Мы получили ответы от 25 епархиальных архиереев и 6 ректоров духовных школ. Пользуясь случаем, я хочу выразить искреннюю благодарность всем тем, кто проявил дисциплину, заинтересованность и высокую церковную сознательность, направив в Синодальную Богословскую комиссию свои ответы и соображения.

Те же преосвященные, кто по какой-либо причине не ответил или не смог ответить на запрос Синодальной Богословской комиссии, имеют возможность до конца этого года обсудить наше письмо в епархиях и духовных школах и представить свои соображения в Богословскую комиссию.

В силу большого объема и тематической неоднородности сводного списка, а также в связи с тем, что нами пока получены не все ответы преосвященных и ректоров духовных школ, по решению Священного Синода мне поручено представить вашему вниманию лишь важнейшие предварительные положения “Перечня актуальных проблем, стоящих перед православным богословием”, составленного на основе полученных отзывов.

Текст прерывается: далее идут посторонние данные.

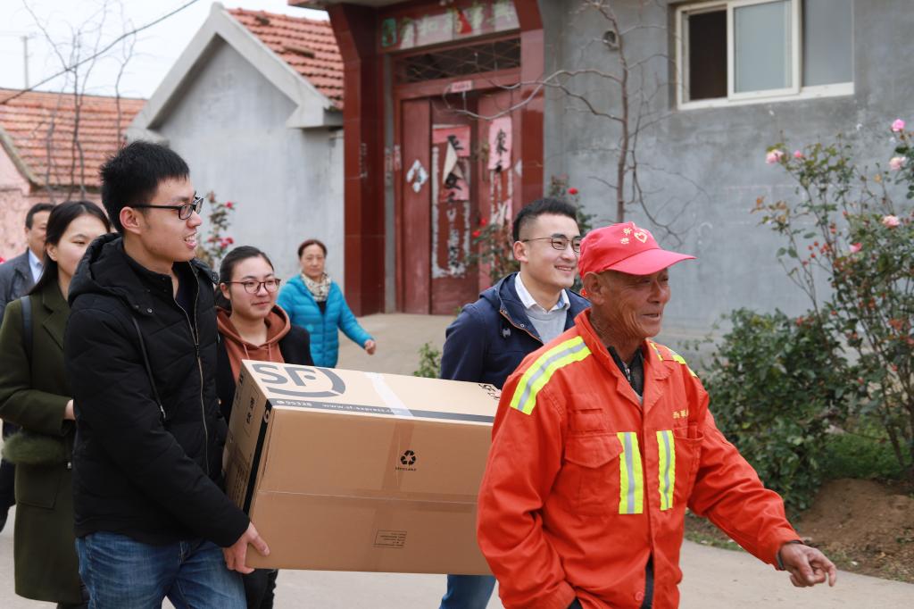 慰问演出结束后,学生党员分组进行“送温暖”活动。一组学生党员在林海涛的带领下到低保、贫困家庭进行慰问,大家不仅带去了从学校募捐来的衣物,同时为老人唱歌、陪老人拉家常、打扫卫生,将关爱送到老人心中。二组学生党员在丁于娟老师的带领下探访了村内的留守儿童,为他们带去了捐赠的衣物和书籍,并通过趣味游戏拉近了距离,学生党员还与有需要的初高中生结成一对一课业帮扶对子。
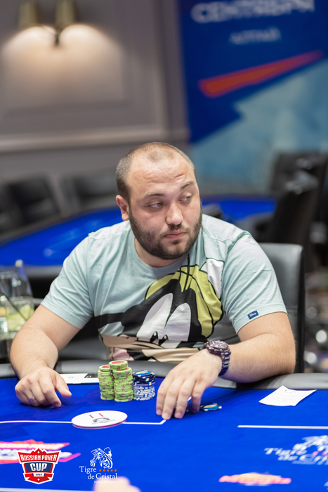 Забавно, что у Владислава после завершения периода поздней регистрации оставался самый короткий стек в 14,000 фишек (17 кушей), после следующей раздачи у него осталось всего 4,000 фишек (5 кушей), но дальше рубильник переключили, и Клепиков уверенно доехал до первого места.
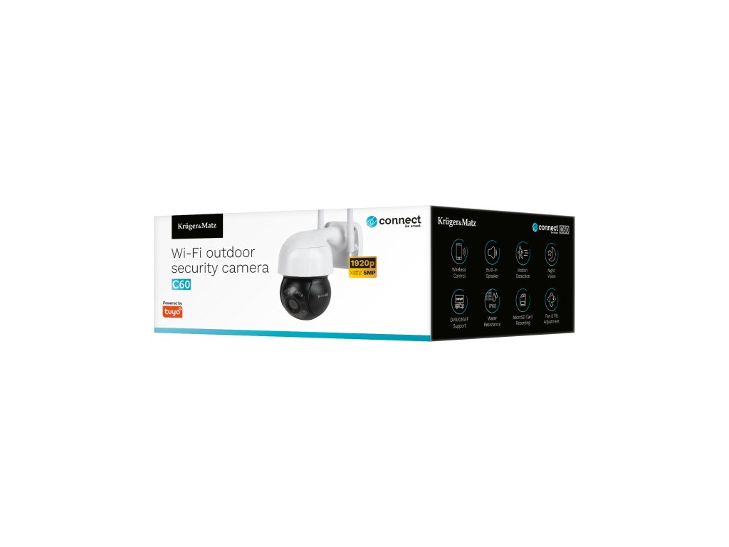 A Kruger&Matz Connect C60 vezeték nélküli kamera tökéletes kiegészítője okosotthonának berendezéseinek. A Wi-Fi kapcsolatnak köszönhetően a készülék a TuyaSmart alkalmazással vezérelhető, így bárhol is tartózkodik, bármikor ellenőrizheti, mi történik az udvarán.
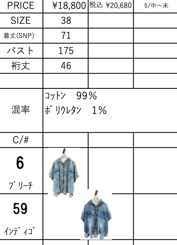 ご予約 ayane アヤン ストレッチダンガリーポンチョ 836601
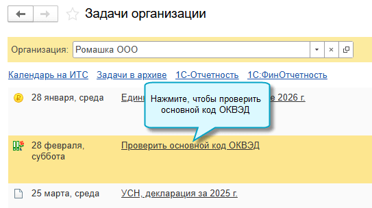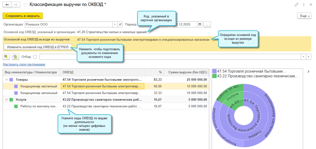 В программе «1С:Бухгалтерия 8» начиная с версии 3.0.190.2 добавлена возможность проверить основной код ОКВЭД исходя из фактической выручки организации за год.

Работа над перечнем продолжается, и по решению Священного Синода Синодальная Богословская комиссия в своей дальнейшей деятельности должна будет руководствоваться его основными положениями. Вопросы, выходящие за рамки компетенции Богословской комиссии, и, прежде всего, церковно-практического порядка, будут направлены для изучения в соответствующие синодальные учреждения, комиссии и духовные школы.

Важным выводом из анализа полученных ответов является то, что их содержание по своей основной тематике совпадает с рекомендациями Богословской конференции. Впрочем, в ответах епархиальных архиереев акцент в несколько большей степени ставится на церковно-практических вопросах и недоумениях. Наибольшее число пунктов в отзывах относится к темам канонического права в его пастырском преломлении, а также литургической проблематике. Заметим, что и на Богословской конференции вопросы канонического права и литургики выделялись среди остальных разделов и своим объемом и злободневностью. Это обстоятельство послужило основанием для принятия Священным Синодом решения о необходимости в дальнейшем иметь суждение об учреждении Синодальных комиссий по литургической и историко-канонической тематике, в компетенцию которых и должно войти, в частности, разрешение задач, поставленных на конференции и в ответах преосвященных и ректоров духовных школ.

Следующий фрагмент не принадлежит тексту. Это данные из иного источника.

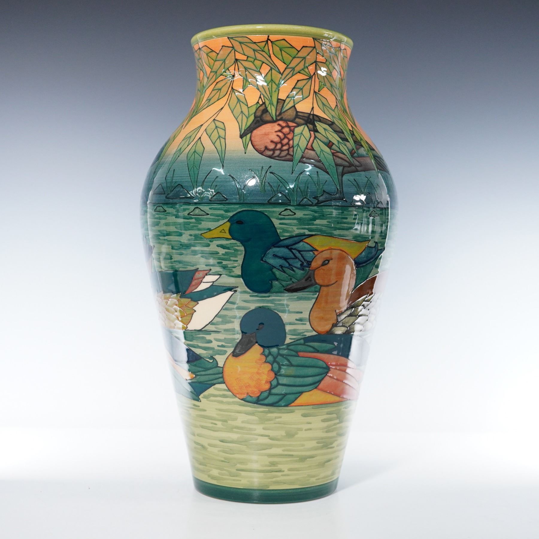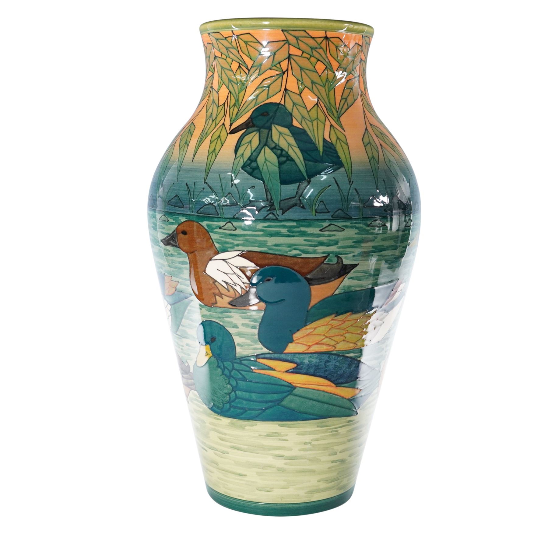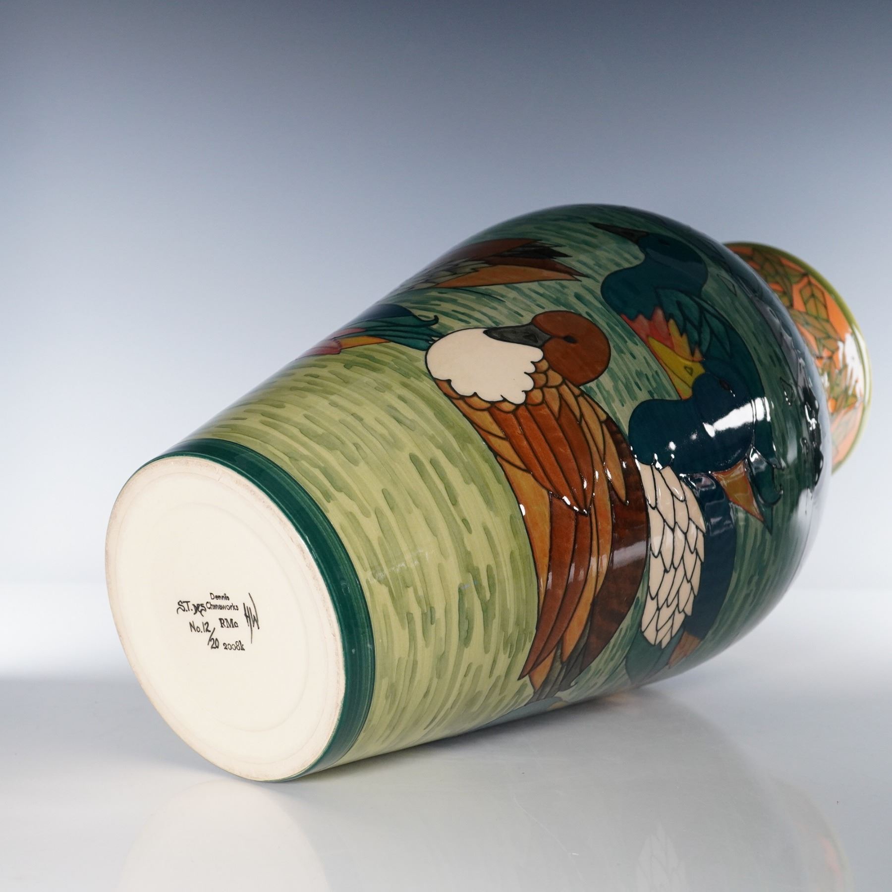 Handcrafted vase from Dennis Chinaworks, designed by Sally Tuffin and potted by Rory McLeod. This limited edition piece is numbered 12 of 20 and dated 2008. The vase features a continuous panoramic depiction of a duck pond scene, rendered in vibrant, saturated glazes with intricate hand-drawn detailing. The imagery includes mallard ducks and other waterfowl swimming in green-toned water, surrounded by reeds and leafy vegetation with a tonal gradient transitioning from an earthy green base to a warm sunset orange near the top. The design is expertly segmented using black linework, emphasizing the stained-glass-like quality of the composition. The vessel has a rounded shoulder tapering toward a narrow foot with a gently flared rim in olive green glaze. The base is inscribed with "S.T. DES", "Dennis Chinaworks", "RMc", the edition number "No. 12/20", and the date "2008k".
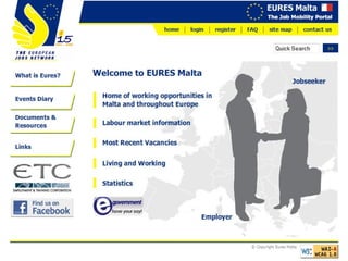 Living and Working in Malta provides information to help Europeans relocate to Malta for employment. It discusses Malta's geography, economy, popular industries, unemployment rates, minimum wage, working conditions, and procedures for finding a job, obtaining necessary documents, taxes and costs of living. The document recommends securing a job and temporary housing before moving, and covers healthcare, pensions, voting rights, and buying or renting a home in Malta.
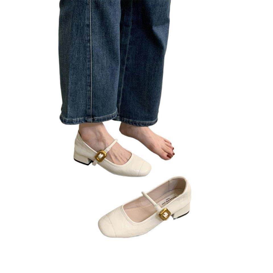 法式浅口单鞋女粗跟2025秋季新款韩版时尚小皮鞋复古中跟玛丽珍鞋

В сфере общих вопросов и проблем, стоящих перед богословием, указывается на то, что в истории Церкви гонения нередко сменялись разномыслиями, открытое враждование против истины Христовой обращалось в стремление исказить ее. В последние десятилетия эта закономерность с особой силой проявляет себя в жизни нашей Церкви, будучи не в силах сокрушить корабль церковный кровавыми гонениями, мир обуревает его извне волнами соблазнов и пытается вселить разномыслие в сердца совершающих в нем подвиг спасения. Пред лицом этих соблазнов и разномыслия разум Церкви должен дать ясный “отчет в нашем уповании” (1Петр,3:15), самоопределиться в современном состоянии Церкви и общества.

Указывается на оторванность богословия от церковной жизни, на недостаточный жизненный интерес к богословию, к изучению Библии, истории Богослужения, святоотеческих творений, источников по церковной истории и другим богословским дисциплинам. При этом наблюдается интерес к сомнительным с богословской точки зрения, газетам и брошюрам. Богословию как науке необходима твердая опора на святоотеческое наследие, постоянная сверка своих положений с творениями Духоносных отцов Церкви. Иначе занятия Богословием вырождаются в “богословствование”, бесплодную или даже вредную для Церкви гимнастику рассудка.

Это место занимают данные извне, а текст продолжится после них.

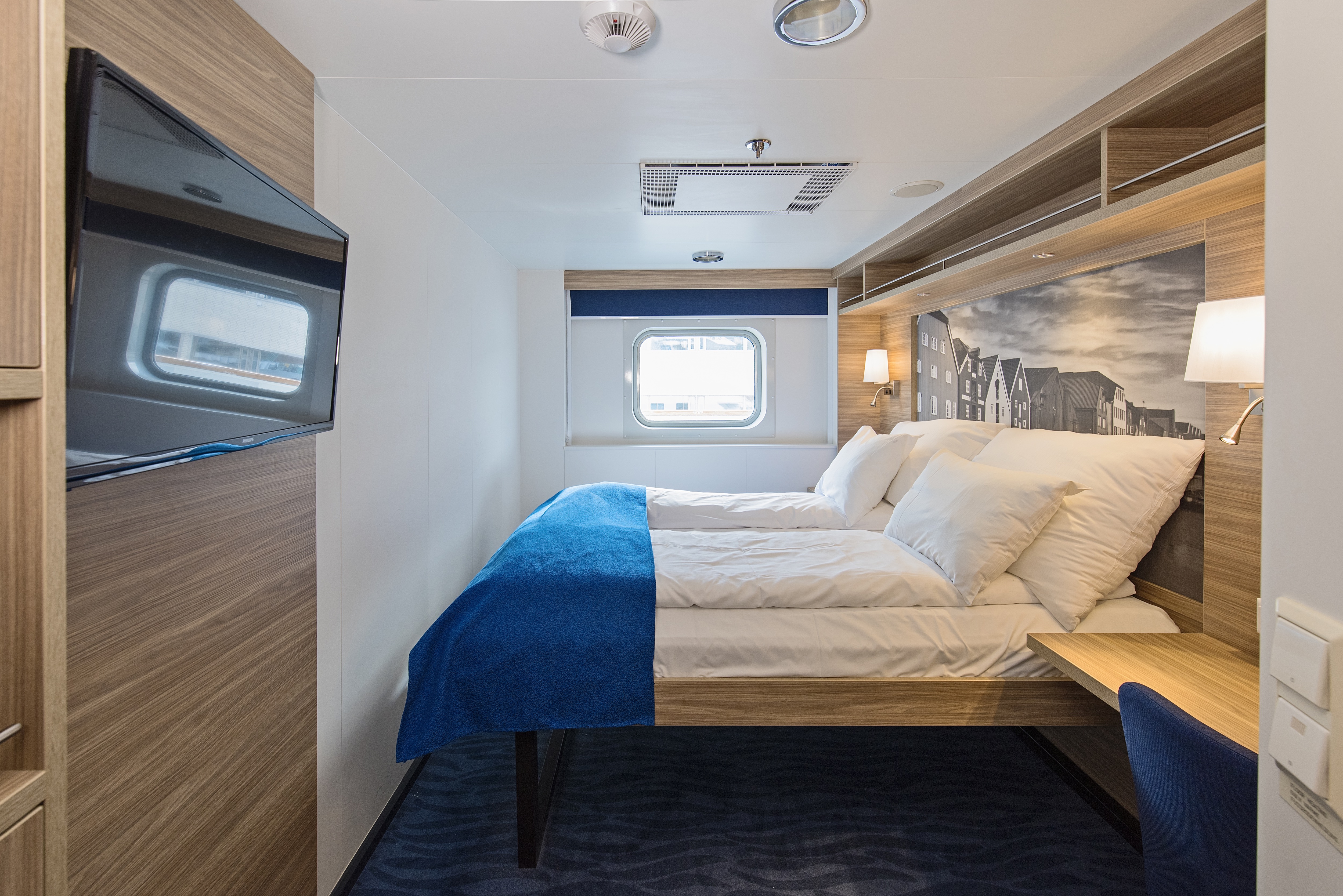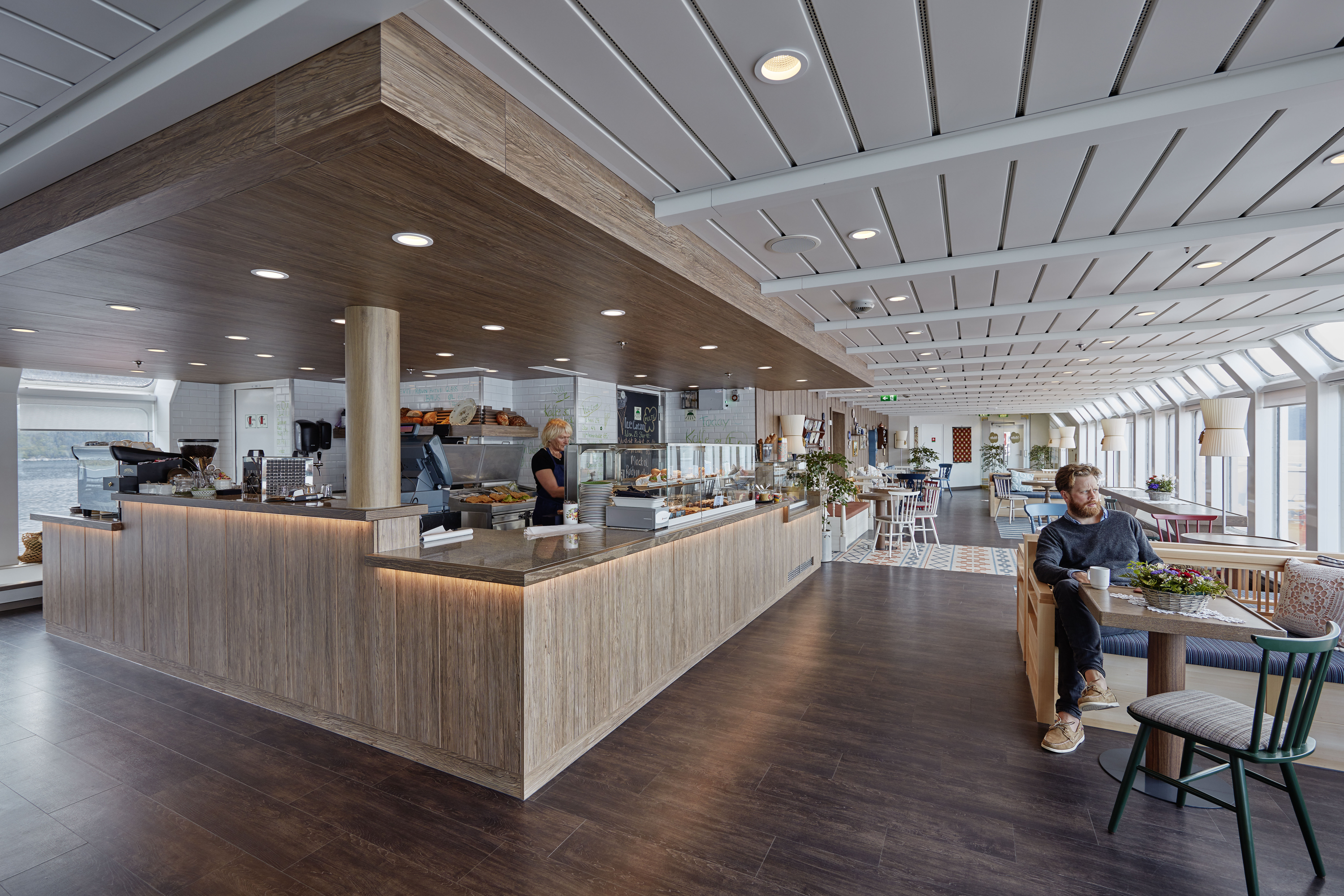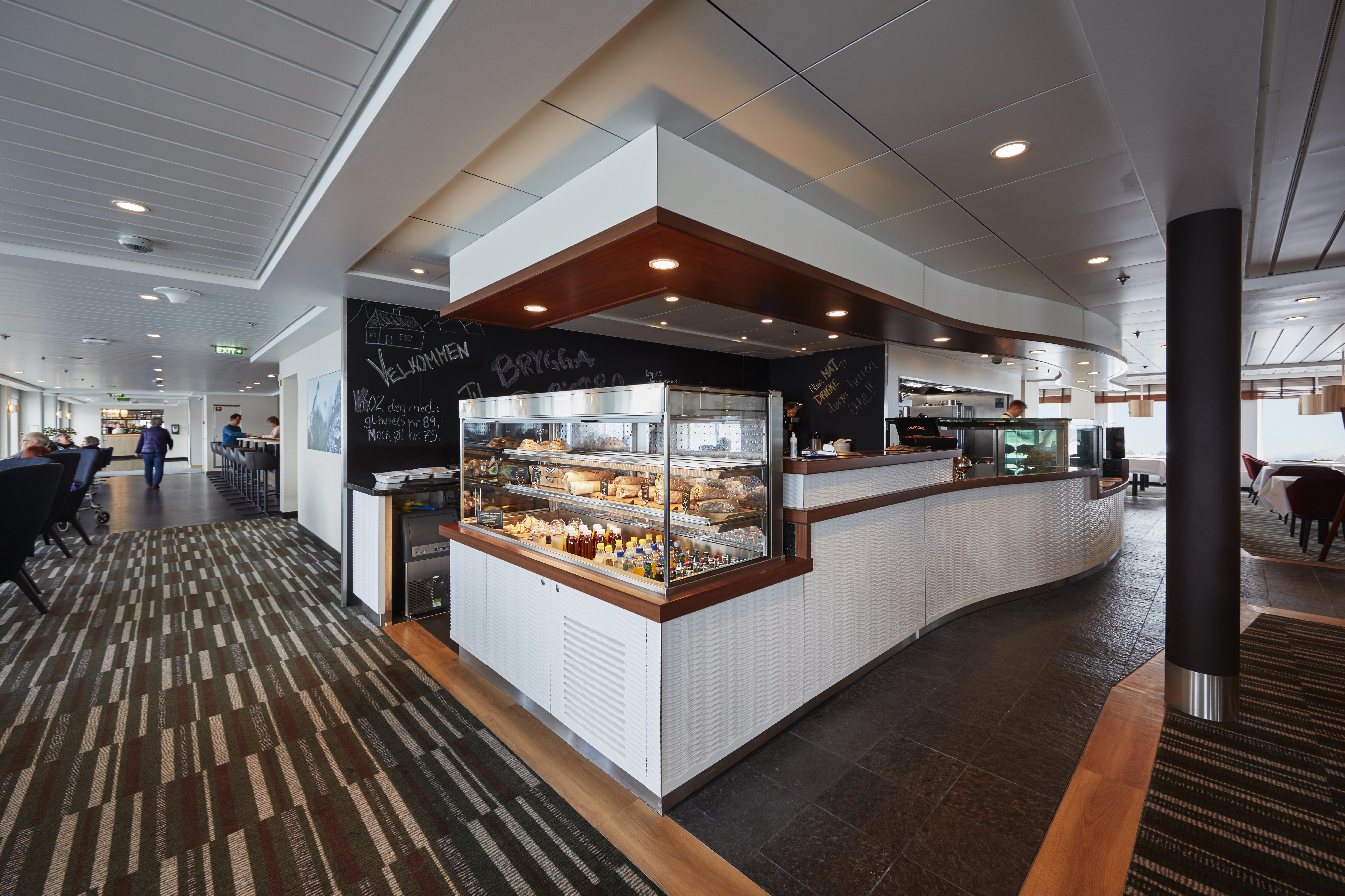 The name of our onboard bistro can be translated from the Norwegian as ‘wharf’. As you’ll probably see during your voyage with us, wharves on the Norwegian coast are typically busy places bustling with workers loading and unloading cargo, without much time for a relaxing sit-down meal.

В области библеистики вопросы, по большей части, касаются допустимости использования тех или иных переводов Священного Писания.

В сфере патрологии и богословия утверждается неизменность задачи общения с наследием святоотеческой эпохи, соотнесение того, о чем писали святые отцы, с проблемами современности, ибо, только опираясь на творения святых отцов, мы можем обрести подлинно православное их решение.

Указывается на важность обращения к богословскому наследию русской эмиграции. Его особая ценность состоит в том, что оно хранит в себе трагический опыт осознания послереволюционной церковно-общественной ситуации и предлагает миссионерский опыт общения с инославием.

Предлагается проведение общецерковного обсуждения вопросов, вызывающих острые споры и дискуссии в церковной, в особенности духовно-академической среде (первородный грех, смысл Жертвы Христовой, состояние воспринятого Господом Иисусом Христом человеческого естества, учение о Церкви и о ее границах, учение о таинствах Церкви). Предлагается дать богословский анализ проблемам имяславия и софиологии, определить святоотеческое истолкование понятия “апостольское преемство”, имея в виду выяснить возможность сохранения такового у инославных. Указывается на необходимость дать богословский ответ на нездоровые апокалиптические настроения.

Указывается на огромное духовное и научное значение, которое имеет осмысление русской церковной истории в XX столетии, венцом которой является подвиг мученического свидетельства Русской Церкви. Необходимо творческое и критическое изучение решений Собора 1917-18 гг. с учетом последующего противоречивого развития русской церковной истории, многие события которой требуют подлинно церковного изложения и оценки. Нашим высоким духовным долгом является сохранение памяти о новомучениках нашей Церкви и их прославление.

Говорится о том, что особое значение в наши дни может иметь богословское исследование обновленчества, которое кроме сугубо политической подоплеки имело и собственно религиозные истоки.

В сфере литургики и духовной жизни – помимо множества вопросов практического характера, говорится о том, что крайне важно сделать православное богослужение значимым для каждого человека, заново обрести его подлинный смысл. Необходимо преодолеть полумагическое восприятие таинств и служб церковных и вернуть им значение подлинно соборного делания, требующего участия всех верных. Этому может способствовать обращение к литургическому опыту древней Церкви, в котором участие всех верных в богослужении было значительно шире, чем в наши дни. Кроме того, нужны единые уставные рекомендации, так как в современном приходском обиходе неизбежные сокращения уставных чтений проводятся почти произвольно. Упоминаются проблемы расхождения Евхаристического благочестия народа с выводами Литургики и Литургического богословия. Указывается на актуальность формулировки учения о браке и его цели, богословского осмысления проблемы пола.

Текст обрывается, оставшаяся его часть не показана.